The issue is that they're not idiots but rational intelligent people that can understand different rewards. They can always get a new job and if the payout if higher from nuking the company along the way then it's rational for them to be biased that way.


Board members often have the same issue, but in a different way. Probably the favorite two step approach:

1. Guide the company to do things that boost the stock price in the short term (1-3 years) but destroy the company's ability to compete on longer time lines

2. Dump your stock position

This doesn't usually happen with founders, but I can personally attest to the fact that this has been done intentionally by board members of billion dollar businesses.

There are also more subtle approaches, e.g. board members pushing for strategies that hurt the company, but boost the board members' other holdings.


Next, describe traditional board members and CEOs.


Exactly my point except their interests tend to be aligned with the other stockholders of the company since they all make money from the stock.
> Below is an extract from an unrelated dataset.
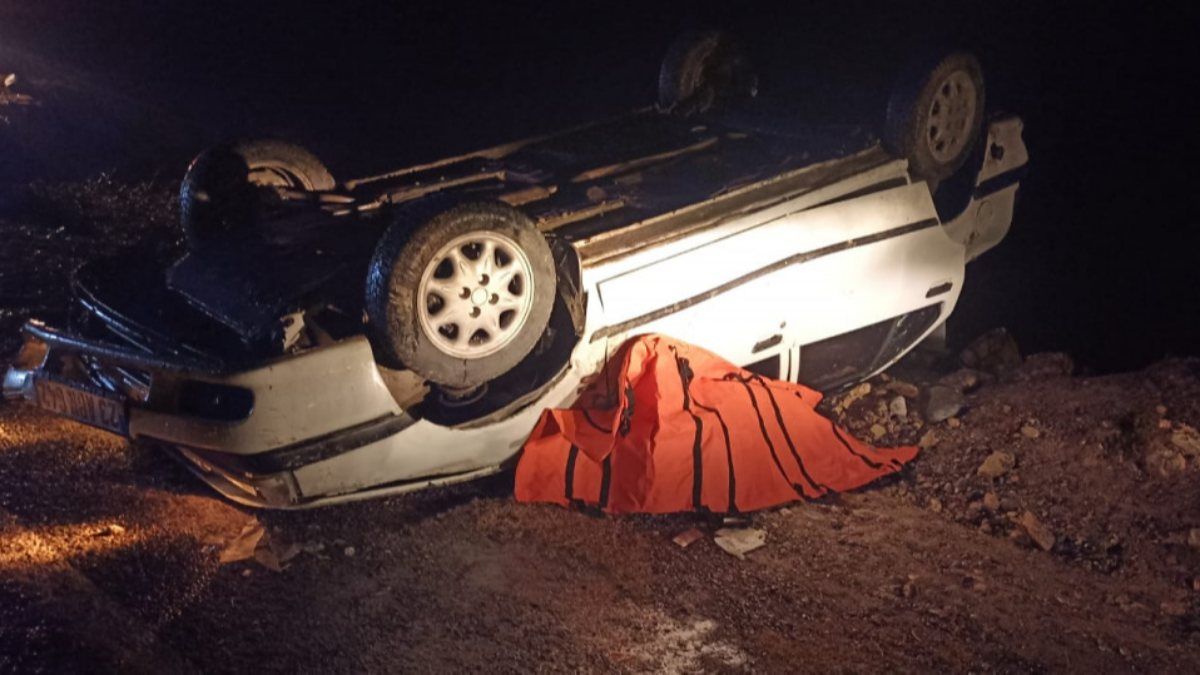 Kayganlaşan yol nedeniyle 26 yaşındaki güvenlik korucusu Sefer Demir'in kontrolündeki 23 ABN 642 plakalı otomobil, takla atarak şarampole devrildi.

The cases where they don't are well known such as VCs insisting on massive growth (go big or go bankrupt), activist investors and so on.


> Exactly my point except their interests tend to be aligned with the other stockholders of the company since they all make money from the stock.

...because of how executive compensation is typically structured. Non-executive employees can also receive stock grants.


I'm suggesting NOT being top-down, getting their feedback and letting them make decisions, without formal board seats and votes.

It's possible to not have a top-down approach on a day-to-day basis, but for the founders to still maintain veto power at the end of the day if shit happens.


What kind of honest feedback can a manager get from the employee he has firing authority over?

And what employee would prefer a promise to represent their best interests on the board over actual representation?


I guess the question I would ask is the following. Assuming you're already doing a decent job of soliciting feedback from employees, what's the argument for effectively giving one employee a louder voice than everyone one else? Because I don't see how that doesn't happen to at least some degree.


Not malice, not stupidity, but a third even more prevalent failing: incentives.